Division of Pathomorphology, Karol Jonscher University Hospital, Poznan, Poland.
Contemp Oncol (Pozn). 2016;20(6):444-448. doi: 10.5114/wo.2016.65602. Epub 2017 Jan 12.
Myeloid sarcoma (MS) is a malignant extramedullary tumour, which consists of immature cells of myeloid origin. It may occur , concurrently or precede the diagnosis of acute myeloid leukemia (AML), myelodysplastic syndrome (MDS) or chronic myeloid leukemia (CML). MS can also be a manifestation of the relapse of the disease. The more frequent sites of involvement are the skin, orbit, bone, periosteum, lymph nodes, gastrointestinal tract, soft tissue, central nervous system and testis. Because of its different localization and symptoms, and the lack of diagnostics algorithm, myeloid sarcoma is a real diagnostic challenge, in particular in patients without initial bone marrow involvement. The correct diagnosis of MS is important for adequate therapy, which is often delayed because of a high misdiagnosis rate. In the paper, the role of immunohistochemistry, cytogenetic and molecular genetic analyses is emphasized as well as the breadth of unclear aspects of this disorder in children.
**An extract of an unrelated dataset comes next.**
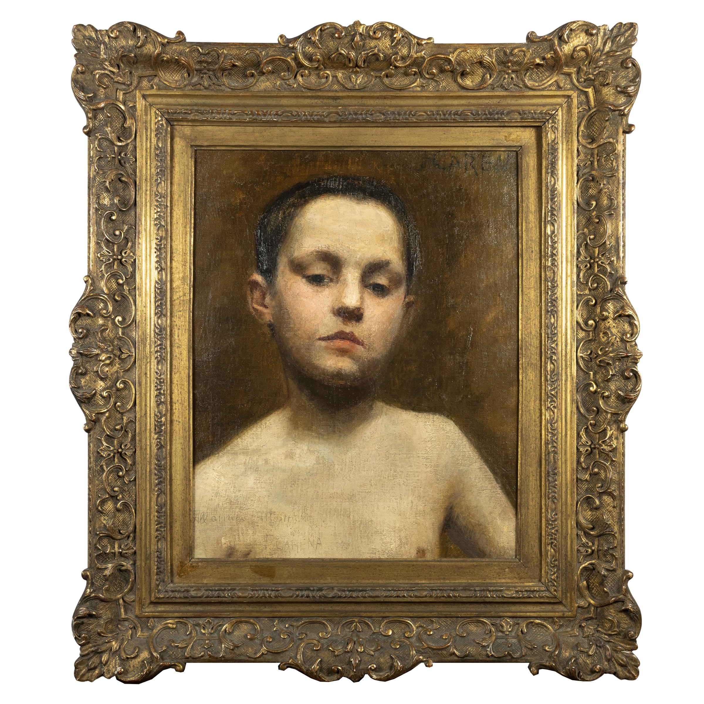 olio su tela, firmato in alto a destra, dedicato e firmato in basso a sinistra: "All'amico Alloatti F. Carena", entro cornice
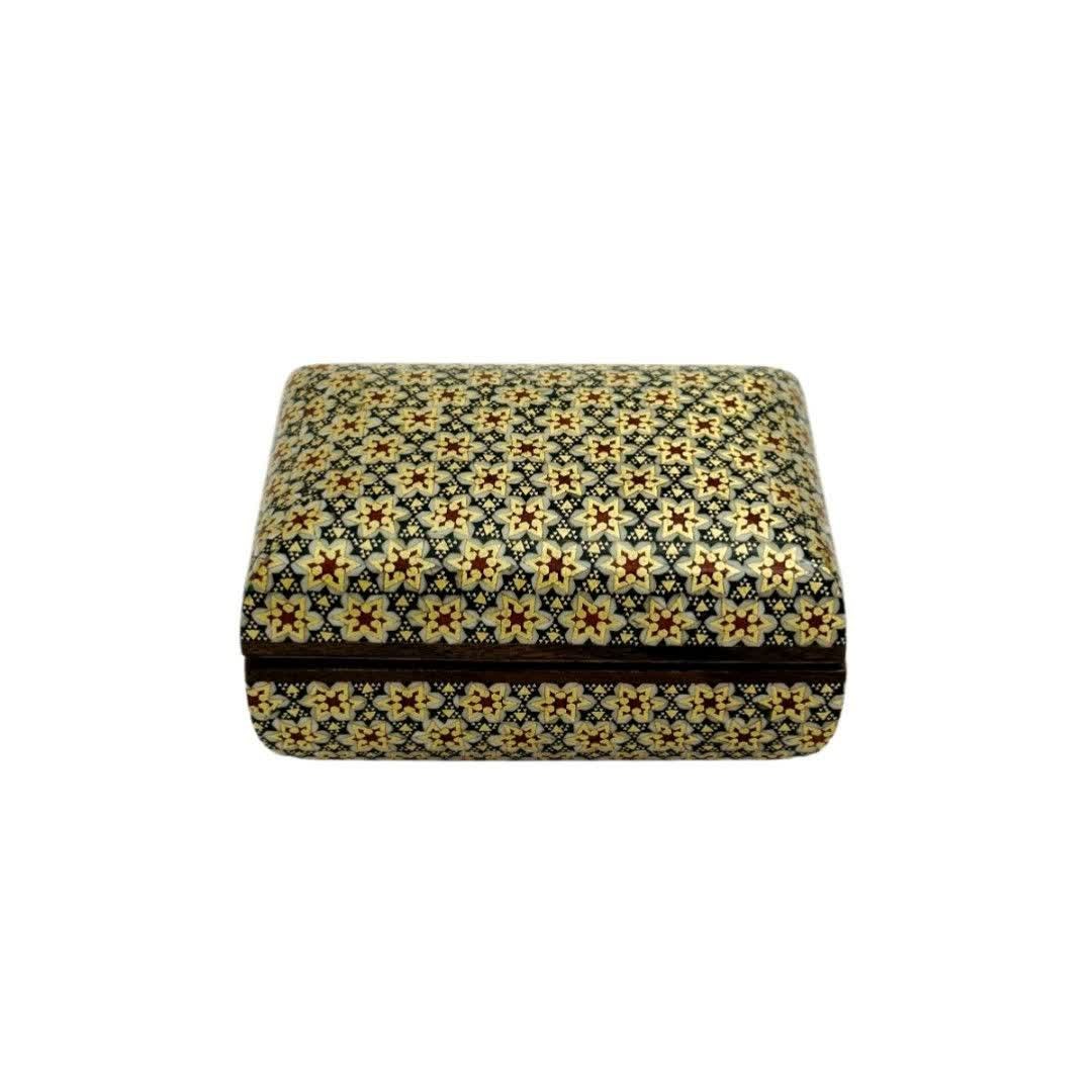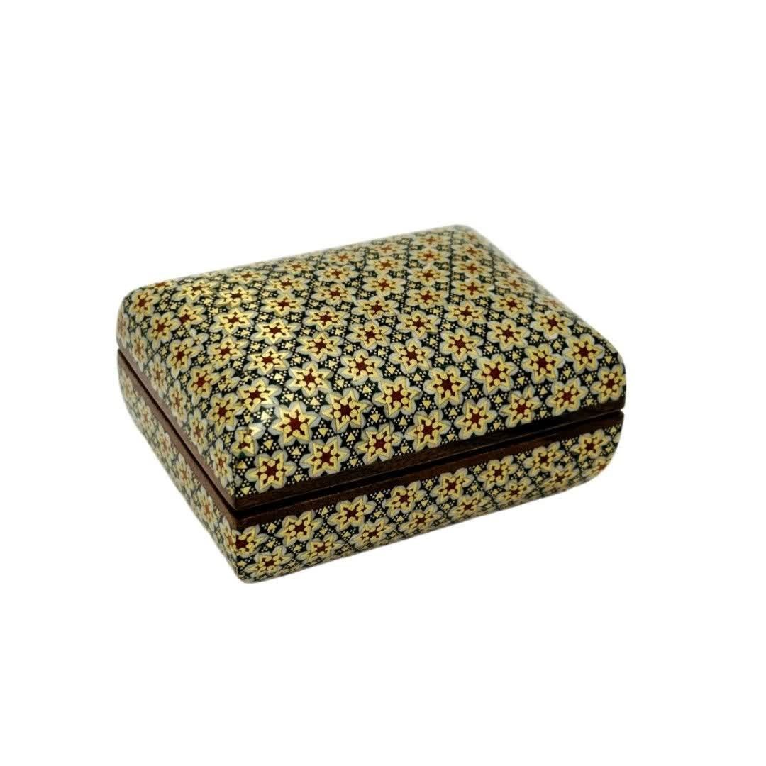 همانگونه که میدانیم هنر خاتمکاری از جمله صنایع دستی قدیمی ایران است و یکی از هنرهای برجسته و مهم ما میباشد. خاتم، ترکیبی از چندضلعیهای بسیار کوچک است که به طور منظم در ابعاد پنج ضلعی، شش ضلعی، هفت ضلعی، هشت ضلعی و یا ده ضلعی در کنار هم قرار میگیرد. انواع جعبه خاتم کاری جواهرات این هنر نیاز به ظرافت و دقت و حوصله زیادی دارد، میزان مرغوبیت یک وسیلۀ خاتمکاری شده به میزان ریز و ظریف بودن مثلثهای کنار هم قرار داده شده، یا همان چند ضلعی ها دارد. یعنی هر چقدر این چند ضلعی های کنار هم قرار داده شده، ریزتر و ظریفتر باشند آن خاتمکاری مرغوب و ارزشمندتر است. محصول بسیار زیبا و با کیفیت کاردست هنرمندان اصفهانی بسیار مناسب جهت پذیرایی و قراردادن کاردوچنگال یا قاشق،همچنین دادن هدیه در داخل آن،مناسب جهت جاجواهراتی و……درب لولایی و داخل خاتم کاری تمام به ابعاد 10در20 سانتی متر

髓系肉瘤(MS)是一种恶性髓外肿瘤,由髓系来源的未成熟细胞组成。它可能在急性髓系白血病(AML)、骨髓增生异常综合征(MDS)或慢性髓系白血病(CML)诊断的同时出现或先于其诊断出现。MS也可能是疾病复发的一种表现。较常受累的部位是皮肤、眼眶、骨骼、骨膜、淋巴结、胃肠道、软组织、中枢神经系统和睾丸。由于其定位和症状各异,且缺乏诊断算法,髓系肉瘤是一个真正的诊断挑战,尤其是在无初始骨髓受累的患者中。MS的正确诊断对于适当治疗很重要,由于误诊率高,治疗往往会延迟。本文强调了免疫组织化学、细胞遗传学和分子遗传学分析的作用,以及儿童这种疾病尚不清楚的方面的广度。